** DATA FOR ANALYSIS **
-- Opening Marker --
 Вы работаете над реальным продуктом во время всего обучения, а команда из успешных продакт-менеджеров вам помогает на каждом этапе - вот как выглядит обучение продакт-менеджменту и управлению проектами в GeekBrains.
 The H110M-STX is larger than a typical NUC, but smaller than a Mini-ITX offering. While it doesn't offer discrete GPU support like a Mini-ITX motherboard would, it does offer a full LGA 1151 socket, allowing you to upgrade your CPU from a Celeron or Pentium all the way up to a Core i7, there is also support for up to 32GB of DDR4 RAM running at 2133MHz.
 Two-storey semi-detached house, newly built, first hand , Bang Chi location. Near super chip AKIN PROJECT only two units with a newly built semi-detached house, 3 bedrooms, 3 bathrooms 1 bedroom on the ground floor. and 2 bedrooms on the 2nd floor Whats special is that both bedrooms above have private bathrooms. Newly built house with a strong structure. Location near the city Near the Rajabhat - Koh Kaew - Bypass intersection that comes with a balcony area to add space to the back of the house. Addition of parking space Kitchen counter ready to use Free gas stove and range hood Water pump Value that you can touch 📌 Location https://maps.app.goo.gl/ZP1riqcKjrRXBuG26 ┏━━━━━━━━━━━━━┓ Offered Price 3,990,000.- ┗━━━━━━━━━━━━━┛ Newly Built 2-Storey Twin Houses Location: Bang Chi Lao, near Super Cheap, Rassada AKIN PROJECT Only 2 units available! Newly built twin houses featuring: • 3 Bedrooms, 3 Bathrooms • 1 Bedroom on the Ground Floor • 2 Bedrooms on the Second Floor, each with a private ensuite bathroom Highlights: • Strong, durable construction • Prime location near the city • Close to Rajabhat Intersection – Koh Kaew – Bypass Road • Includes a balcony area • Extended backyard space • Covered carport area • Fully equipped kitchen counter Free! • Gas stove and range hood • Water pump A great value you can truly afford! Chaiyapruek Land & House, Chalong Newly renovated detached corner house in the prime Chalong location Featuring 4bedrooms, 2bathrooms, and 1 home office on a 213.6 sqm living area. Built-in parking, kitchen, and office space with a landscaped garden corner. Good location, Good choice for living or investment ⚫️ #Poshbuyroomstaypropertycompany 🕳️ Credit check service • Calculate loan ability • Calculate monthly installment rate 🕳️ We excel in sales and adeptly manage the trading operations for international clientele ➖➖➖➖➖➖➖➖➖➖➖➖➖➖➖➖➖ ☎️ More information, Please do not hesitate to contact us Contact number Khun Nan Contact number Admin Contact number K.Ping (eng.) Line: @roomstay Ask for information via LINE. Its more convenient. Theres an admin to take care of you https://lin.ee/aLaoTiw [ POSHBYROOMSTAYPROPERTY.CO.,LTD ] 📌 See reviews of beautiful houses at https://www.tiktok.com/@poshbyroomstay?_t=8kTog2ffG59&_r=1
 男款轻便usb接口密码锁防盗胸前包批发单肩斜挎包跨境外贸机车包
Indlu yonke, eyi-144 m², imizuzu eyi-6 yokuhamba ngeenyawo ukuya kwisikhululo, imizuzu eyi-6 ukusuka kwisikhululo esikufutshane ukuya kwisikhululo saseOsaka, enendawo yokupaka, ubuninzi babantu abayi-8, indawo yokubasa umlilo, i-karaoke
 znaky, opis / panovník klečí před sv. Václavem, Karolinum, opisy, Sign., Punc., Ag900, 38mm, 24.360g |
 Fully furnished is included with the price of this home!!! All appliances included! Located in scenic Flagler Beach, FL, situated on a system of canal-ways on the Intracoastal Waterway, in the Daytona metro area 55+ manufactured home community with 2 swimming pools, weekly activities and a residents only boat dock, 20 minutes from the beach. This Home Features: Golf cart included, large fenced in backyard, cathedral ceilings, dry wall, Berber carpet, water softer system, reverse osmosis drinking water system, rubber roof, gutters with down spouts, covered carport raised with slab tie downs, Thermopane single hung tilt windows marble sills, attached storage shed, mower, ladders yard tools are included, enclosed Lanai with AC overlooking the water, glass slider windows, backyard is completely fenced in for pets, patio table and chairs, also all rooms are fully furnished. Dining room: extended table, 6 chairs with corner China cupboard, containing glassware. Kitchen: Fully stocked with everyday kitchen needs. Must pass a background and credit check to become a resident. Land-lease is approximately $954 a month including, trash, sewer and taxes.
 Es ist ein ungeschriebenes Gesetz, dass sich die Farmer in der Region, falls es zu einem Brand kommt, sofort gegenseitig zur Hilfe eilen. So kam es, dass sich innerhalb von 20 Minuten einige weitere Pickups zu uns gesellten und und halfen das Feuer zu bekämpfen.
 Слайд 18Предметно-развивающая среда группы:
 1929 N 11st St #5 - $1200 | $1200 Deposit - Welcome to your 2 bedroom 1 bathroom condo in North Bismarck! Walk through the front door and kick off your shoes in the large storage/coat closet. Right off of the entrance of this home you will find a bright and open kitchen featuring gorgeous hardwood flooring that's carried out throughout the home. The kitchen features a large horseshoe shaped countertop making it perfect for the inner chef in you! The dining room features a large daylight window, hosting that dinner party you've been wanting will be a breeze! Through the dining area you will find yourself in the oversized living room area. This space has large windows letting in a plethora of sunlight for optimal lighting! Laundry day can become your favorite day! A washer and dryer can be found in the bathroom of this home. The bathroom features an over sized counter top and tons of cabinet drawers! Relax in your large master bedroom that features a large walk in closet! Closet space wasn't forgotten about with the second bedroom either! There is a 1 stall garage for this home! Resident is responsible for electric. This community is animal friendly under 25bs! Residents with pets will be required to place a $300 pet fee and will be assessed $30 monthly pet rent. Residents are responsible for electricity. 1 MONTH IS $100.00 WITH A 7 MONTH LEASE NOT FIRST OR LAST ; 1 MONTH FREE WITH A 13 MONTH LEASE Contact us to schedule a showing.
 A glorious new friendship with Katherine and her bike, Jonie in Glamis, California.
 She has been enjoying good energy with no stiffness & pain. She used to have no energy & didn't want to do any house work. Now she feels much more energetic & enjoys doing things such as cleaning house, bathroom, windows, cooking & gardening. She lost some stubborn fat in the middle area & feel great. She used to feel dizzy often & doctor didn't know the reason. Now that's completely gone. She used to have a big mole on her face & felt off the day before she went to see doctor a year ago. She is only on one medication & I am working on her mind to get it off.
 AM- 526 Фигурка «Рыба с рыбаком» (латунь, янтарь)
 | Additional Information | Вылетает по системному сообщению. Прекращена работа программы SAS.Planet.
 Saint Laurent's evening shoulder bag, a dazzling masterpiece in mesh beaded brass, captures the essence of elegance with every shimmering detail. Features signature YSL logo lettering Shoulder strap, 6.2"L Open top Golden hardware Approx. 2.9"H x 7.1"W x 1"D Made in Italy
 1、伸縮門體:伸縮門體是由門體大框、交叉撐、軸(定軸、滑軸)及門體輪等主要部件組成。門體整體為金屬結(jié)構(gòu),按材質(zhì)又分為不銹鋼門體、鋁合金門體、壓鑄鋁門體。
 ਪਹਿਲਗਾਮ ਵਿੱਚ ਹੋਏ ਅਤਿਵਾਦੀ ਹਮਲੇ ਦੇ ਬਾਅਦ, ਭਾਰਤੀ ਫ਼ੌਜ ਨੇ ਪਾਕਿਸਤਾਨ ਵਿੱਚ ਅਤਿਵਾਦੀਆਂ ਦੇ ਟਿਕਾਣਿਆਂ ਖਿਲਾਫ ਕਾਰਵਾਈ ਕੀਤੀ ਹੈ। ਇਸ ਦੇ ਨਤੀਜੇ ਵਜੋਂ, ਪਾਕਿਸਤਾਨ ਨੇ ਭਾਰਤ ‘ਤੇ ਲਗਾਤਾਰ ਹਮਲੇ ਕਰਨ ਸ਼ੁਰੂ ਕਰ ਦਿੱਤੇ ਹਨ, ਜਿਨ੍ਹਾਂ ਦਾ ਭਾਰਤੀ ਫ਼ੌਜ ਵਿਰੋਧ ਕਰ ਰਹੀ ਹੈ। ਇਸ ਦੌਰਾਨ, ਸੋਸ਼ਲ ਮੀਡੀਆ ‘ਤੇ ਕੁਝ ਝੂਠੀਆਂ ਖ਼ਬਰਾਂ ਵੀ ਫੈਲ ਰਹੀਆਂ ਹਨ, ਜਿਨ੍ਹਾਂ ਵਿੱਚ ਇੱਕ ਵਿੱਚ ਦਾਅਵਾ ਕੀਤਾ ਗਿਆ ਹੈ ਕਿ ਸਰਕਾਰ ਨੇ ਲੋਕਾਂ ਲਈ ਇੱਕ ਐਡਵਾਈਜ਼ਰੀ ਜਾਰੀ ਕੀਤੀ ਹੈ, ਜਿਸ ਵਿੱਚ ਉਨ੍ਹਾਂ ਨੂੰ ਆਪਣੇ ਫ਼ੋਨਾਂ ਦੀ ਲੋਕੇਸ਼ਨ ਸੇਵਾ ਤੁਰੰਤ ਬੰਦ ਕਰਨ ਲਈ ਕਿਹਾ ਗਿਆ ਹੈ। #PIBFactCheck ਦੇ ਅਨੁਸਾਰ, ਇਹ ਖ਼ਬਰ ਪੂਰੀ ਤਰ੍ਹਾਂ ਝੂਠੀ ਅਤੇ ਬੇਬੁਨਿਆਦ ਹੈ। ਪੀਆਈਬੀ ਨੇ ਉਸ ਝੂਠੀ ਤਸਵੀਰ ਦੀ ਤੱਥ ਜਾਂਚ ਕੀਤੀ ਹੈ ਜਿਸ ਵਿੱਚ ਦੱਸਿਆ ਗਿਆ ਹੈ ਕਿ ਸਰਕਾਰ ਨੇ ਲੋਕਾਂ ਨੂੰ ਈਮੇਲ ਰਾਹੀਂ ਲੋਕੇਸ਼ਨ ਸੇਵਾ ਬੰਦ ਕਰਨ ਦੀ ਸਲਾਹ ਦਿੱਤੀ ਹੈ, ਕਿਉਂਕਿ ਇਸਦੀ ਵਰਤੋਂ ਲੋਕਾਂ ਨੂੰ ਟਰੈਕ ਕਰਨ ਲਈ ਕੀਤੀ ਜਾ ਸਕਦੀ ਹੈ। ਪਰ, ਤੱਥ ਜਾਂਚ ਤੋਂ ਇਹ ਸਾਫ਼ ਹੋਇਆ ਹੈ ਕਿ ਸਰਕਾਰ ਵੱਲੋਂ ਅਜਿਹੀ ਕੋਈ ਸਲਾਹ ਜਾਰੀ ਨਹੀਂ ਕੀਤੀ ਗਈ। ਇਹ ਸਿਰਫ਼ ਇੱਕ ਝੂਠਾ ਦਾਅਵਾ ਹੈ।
-- Closing Marker --
** TASK OBJECTIVE **
Write out again, exactly as they appear above, the lines from the one containing "She has been" to the final line, and only those.

** ANSWER TO THE EXERCISE **
 She has been enjoying good energy with no stiffness & pain. She used to have no energy & didn't want to do any house work. Now she feels much more energetic & enjoys doing things such as cleaning house, bathroom, windows, cooking & gardening. She lost some stubborn fat in the middle area & feel great. She used to feel dizzy often & doctor didn't know the reason. Now that's completely gone. She used to have a big mole on her face & felt off the day before she went to see doctor a year ago. She is only on one medication & I am working on her mind to get it off.
 AM- 526 Фигурка «Рыба с рыбаком» (латунь, янтарь)
 | Additional Information | Вылетает по системному сообщению. Прекращена работа программы SAS.Planet.
 Saint Laurent's evening shoulder bag, a dazzling masterpiece in mesh beaded brass, captures the essence of elegance with every shimmering detail. Features signature YSL logo lettering Shoulder strap, 6.2"L Open top Golden hardware Approx. 2.9"H x 7.1"W x 1"D Made in Italy
 1、伸縮門體:伸縮門體是由門體大框、交叉撐、軸(定軸、滑軸)及門體輪等主要部件組成。門體整體為金屬結(jié)構(gòu),按材質(zhì)又分為不銹鋼門體、鋁合金門體、壓鑄鋁門體。
 ਪਹਿਲਗਾਮ ਵਿੱਚ ਹੋਏ ਅਤਿਵਾਦੀ ਹਮਲੇ ਦੇ ਬਾਅਦ, ਭਾਰਤੀ ਫ਼ੌਜ ਨੇ ਪਾਕਿਸਤਾਨ ਵਿੱਚ ਅਤਿਵਾਦੀਆਂ ਦੇ ਟਿਕਾਣਿਆਂ ਖਿਲਾਫ ਕਾਰਵਾਈ ਕੀਤੀ ਹੈ। ਇਸ ਦੇ ਨਤੀਜੇ ਵਜੋਂ, ਪਾਕਿਸਤਾਨ ਨੇ ਭਾਰਤ ‘ਤੇ ਲਗਾਤਾਰ ਹਮਲੇ ਕਰਨ ਸ਼ੁਰੂ ਕਰ ਦਿੱਤੇ ਹਨ, ਜਿਨ੍ਹਾਂ ਦਾ ਭਾਰਤੀ ਫ਼ੌਜ ਵਿਰੋਧ ਕਰ ਰਹੀ ਹੈ। ਇਸ ਦੌਰਾਨ, ਸੋਸ਼ਲ ਮੀਡੀਆ ‘ਤੇ ਕੁਝ ਝੂਠੀਆਂ ਖ਼ਬਰਾਂ ਵੀ ਫੈਲ ਰਹੀਆਂ ਹਨ, ਜਿਨ੍ਹਾਂ ਵਿੱਚ ਇੱਕ ਵਿੱਚ ਦਾਅਵਾ ਕੀਤਾ ਗਿਆ ਹੈ ਕਿ ਸਰਕਾਰ ਨੇ ਲੋਕਾਂ ਲਈ ਇੱਕ ਐਡਵਾਈਜ਼ਰੀ ਜਾਰੀ ਕੀਤੀ ਹੈ, ਜਿਸ ਵਿੱਚ ਉਨ੍ਹਾਂ ਨੂੰ ਆਪਣੇ ਫ਼ੋਨਾਂ ਦੀ ਲੋਕੇਸ਼ਨ ਸੇਵਾ ਤੁਰੰਤ ਬੰਦ ਕਰਨ ਲਈ ਕਿਹਾ ਗਿਆ ਹੈ। #PIBFactCheck ਦੇ ਅਨੁਸਾਰ, ਇਹ ਖ਼ਬਰ ਪੂਰੀ ਤਰ੍ਹਾਂ ਝੂਠੀ ਅਤੇ ਬੇਬੁਨਿਆਦ ਹੈ। ਪੀਆਈਬੀ ਨੇ ਉਸ ਝੂਠੀ ਤਸਵੀਰ ਦੀ ਤੱਥ ਜਾਂਚ ਕੀਤੀ ਹੈ ਜਿਸ ਵਿੱਚ ਦੱਸਿਆ ਗਿਆ ਹੈ ਕਿ ਸਰਕਾਰ ਨੇ ਲੋਕਾਂ ਨੂੰ ਈਮੇਲ ਰਾਹੀਂ ਲੋਕੇਸ਼ਨ ਸੇਵਾ ਬੰਦ ਕਰਨ ਦੀ ਸਲਾਹ ਦਿੱਤੀ ਹੈ, ਕਿਉਂਕਿ ਇਸਦੀ ਵਰਤੋਂ ਲੋਕਾਂ ਨੂੰ ਟਰੈਕ ਕਰਨ ਲਈ ਕੀਤੀ ਜਾ ਸਕਦੀ ਹੈ। ਪਰ, ਤੱਥ ਜਾਂਚ ਤੋਂ ਇਹ ਸਾਫ਼ ਹੋਇਆ ਹੈ ਕਿ ਸਰਕਾਰ ਵੱਲੋਂ ਅਜਿਹੀ ਕੋਈ ਸਲਾਹ ਜਾਰੀ ਨਹੀਂ ਕੀਤੀ ਗਈ। ਇਹ ਸਿਰਫ਼ ਇੱਕ ਝੂਠਾ ਦਾਅਵਾ ਹੈ।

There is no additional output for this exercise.